The Sweet Auburn Historic District is a historic African-American neighborhood along and surrounding Auburn Avenue, east of Downtown Atlanta, Georgia, United States. The name Sweet Auburn was coined by John Wesley Dobbs, referring to the "richest Negro street in the world."
The first settlement here was on land formerly occupied by Union troops and was called Shermantown for many years. It developed quickly being near the Georgia Railroad and in 1879 was at the endpoint of a newly graded road called simply Boulevard, which led from the railroad to North Avenue near Ponce de Leon Avenue and Angier Springs.
The rise of Auburn Avenue as "the" black business district in Atlanta was to a great extent an outcome of the 1906 Atlanta Race Riot. Prior to this time black businesses operated largely in downtown Atlanta — a business district integrated as far as business ownership was concerned.

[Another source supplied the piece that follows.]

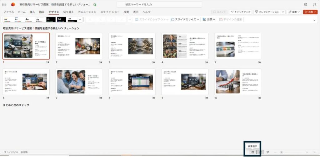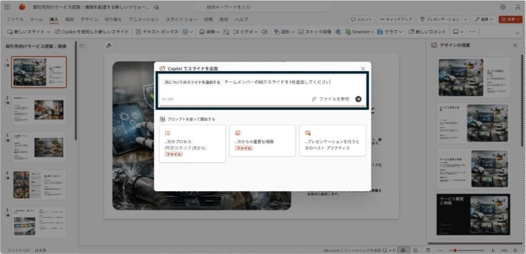 今回は「取引先に提案するサービス紹介のスライドを10枚作成して」と入力します。

Sweet Auburn was designated a National Historic Landmark in 1976. However, like so many other inner-city neighborhoods, Sweet Auburn fell victim to lack of investment, heavy, widespread crime, homelessness, and abandonment, compounded by construction of the Downtown Connector freeway that split it in two. In 1992 the National Trust for Historic Preservation recognized that it was one of America's 11 Most Endangered Historic Places and, in 2005, the Georgia Trust for Historic Preservation included the area in its 2006 list of Places in Peril. The Historic District Development Corporation (HDDC) was formed to turn the trend around, starting with houses surrounding the birth home of Dr. Martin Luther King, Jr., and working outward. The city of Atlanta is currently building the Atlanta Streetcar, a line that creates a loop connecting the Dr. Martin Luther King Jr. National Historic Site to downtown and the tourist attractions of Centennial Olympic Park. The streetcar with travel east along Edgewood Avenue and west along Auburn Ave.